Formation of furo[3,2-c]quinolone-2-carbonitriles and 4-oxo-4,5-dihydrofuro[3,2-c]quinolone-2-carboxamides from reaction of quinoline-2,4-diones with 2-[bis(methylthio)methylene]malononitrile

Abstract

Quinoline-2,4-diones reacted with 2-[bis(methylthio)methylene]malononitrile in DMF/Et₃N to produce 3-(methylthio)-4-oxo-4,5-dihydrofuro[3,2-c]quinolone-2-carbonitriles and 3-(methylthio)-4-oxo-4,5-dihydrofuro[3,2-c]quinolone-2-carboxamides in state of 2-imino-substituted 4-(methylthio)-5,6-dihydro-2H-pyrano[3,2-c]quinolone-3-carbonitriles.

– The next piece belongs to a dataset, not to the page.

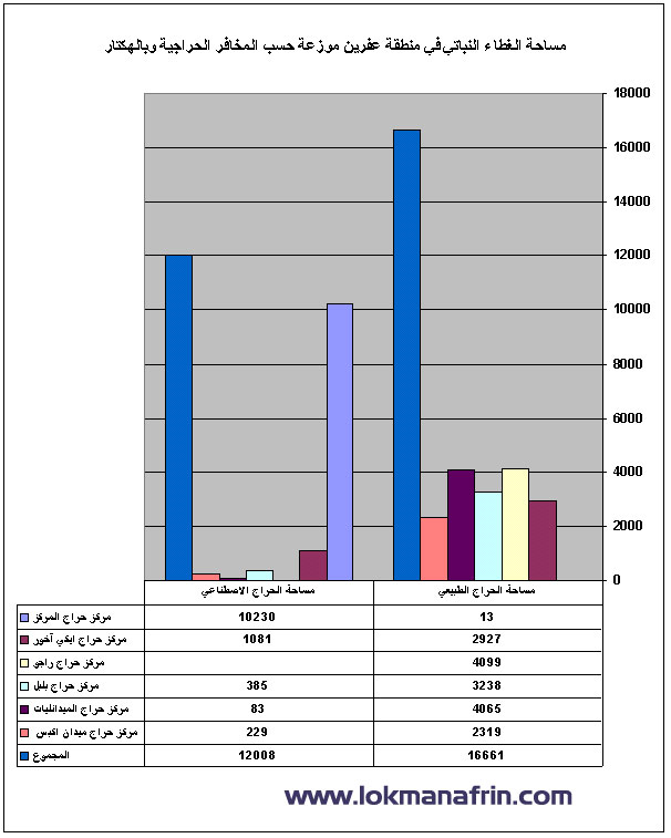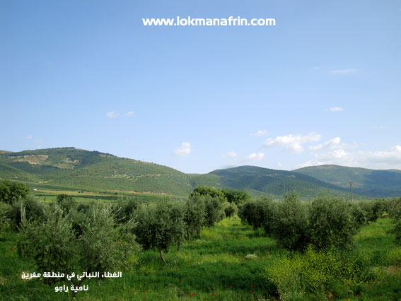 وقد قامت الدولة بتشجير مساحات شاسعة تقدر ﺑ / 13 ألف هكتار / ومن المقرر أن يتم تشجير أكثر من / 150 هكتار / وكل ذلك يتم في محاولة لإعادة الغطاء النباتي على ما كان عليه وأهم أنواع الحراج الصناعي : البطم الأطلسي – الكينا – السماق – الروبينيا .وأهم مناطق انتشاره جبال خاستياه وحايشتياه وهواره وبلاليكو وذوي ﮔراه بشكل متفرق في جميع أنحاء كتلة منطقة عفرين . ويلاحظ أن السفوح الغربية أكثر غنىً وتنوعاً بالغابات من السفوح الشرقية بسبب مواجهتها للأمطار المتوسطية وأهم المواقع المشجرة : جبل الزيدية – الباسوطة – الكفير – كفرجنة – مشعلة – ميدانكي – علي بازانلي – حلوبي – كورتك – قطمه – جبل ليلون – ديكمه طاش وهذا ساهم في إعادة الوجه الأخضر الناصع للمنطقة كما ساهم أبناء المنطقة من خلال اهتمامهم بزراعة أشجار الزيتون في زيادة مساحة المناطق المشجرة حيث تبلغ عدد أشجار الزيتون في المنطقة أكثر من / 13 / مليون شجرة تشكل المورد الأساسي لمعاش وحياة أبناء المنطقة رغم الكثير من المصاعب وأهمها حاجة المنطقة إلى معامل تكرير وفلترة وتعبئة لزيت الزيتون تراعى فيه المواصفات العالمية وتجعله زيتاً مؤهلاً للتصدير .. علماً أن زيت عفرين يعتبر من أجود أنواع الزيوت في العالم لنكهته المتميزة ولما يحويه من أحماض نافعة وصحية تجعله ثروة هامة وذهباً أخضراً يمتد في المنطقة وفي قلوب أبنائها .... إدارة لقمان عفريـــن دراسات الأستاذ محمد جمال حسو إعداد و تصوير و تصميم : لقمان شمو كالو 2009/11/27

The structures of all new products were proved using NMR, IR, and mass spectral data. The possible mechanism for the reaction is also discussed.

Graphic abstract

Introduction

2-Quinolones possess very promising biological activities such as anticonvulsant [1,2,3], antibacterial [4], anti-Alzheimer [5], antimicrobial [6], anti-dermatities [7], anticancer [8], and pain relief [9], in addition to their medical, agricultural, and industrial uses [10,11,12]. As an example, camptothecin (I, Fig. 1) is an anticancer agent and a secondary metabolite damaging the DNA and consequently annihilation of the targeted cell. Topotecan hydrochloride (II) is also one of such compounds that acts as topoisomerase inhibitor and is best used for various kinds of cancer treatments, especially lung cancer and ovarian cancer [13, 14].

Fig. 1

Anticancer and antifungal activities of quinolones I–III

To extend the knowledge around the new fused quinolones compounds, we focused our searches on synthesizing a new class of compounds which we expect will have important activities in medicinal and industrial area. Previously, Aly et al. synthesized 2,3-bis­(4-hydroxy-2-oxo-1,2-dihydroquinolin-3-yl)succinic acid derivatives from the reaction of one equivalent of aromatic amines with two equivalents of diethyl malonate in diphenyl ether and catalyzed with triethylamine [15]. On reacting four equivalents of 4-hydroxyquinolin-2(1H)-ones with one equivalent of acenaphthoquinone in absolute ethanol, containing catalytic Et₃N, the reaction gave acenaphthylene-1,1,2,2-tetrayltetrakis(4-hydroxyquinolin-2(1H)-ones) [16]. We also reported that quinoline-2,4-diones reacted with 2-(2-oxo-1,2-dihydroindol-3-ylidene)malononitrile in pyridine to produce spiro[indoline-3,4′-pyrano[3,2-c]quinolone]-3′-carbonitriles [17]. The same target materials of 2-quinolones reacted with diethyl acetylenedicarboxylate in absolute ethanol to give pyrano[3,2-c]quinoline-4-carboxylates [18]. We have also recently reported that a class of 1,2,3-triazoles derived by 2-quinolone [19] has been synthesized, via Cu-catalyzed [3 + 2]-cycloadditions (Meldal-Sharpless ‘click’-reactions) of 4-azidoquinolin-2(1H)-ones with ethyl propiolate [19]. We also obtained fused naphthofuro[3,2-c]quinoline-6,7,12-triones and pyrano[3,2-c]quinoline-6,7,8,13-tetraones that have shown potential as ERK inhibitors [20]. While synthesized bis(6-substituted-4-hydroxy-2-oxo-1,2-dihydro-quinolin-3-yl)naphthalene-1,4-diones and substituted N-(alkyl)bis-quinolinone triethyl-ammonium salts were explored as candidates for extracellular signal-regulated kinases 1/2 (ERK1/2) having antineoplastic activity [21].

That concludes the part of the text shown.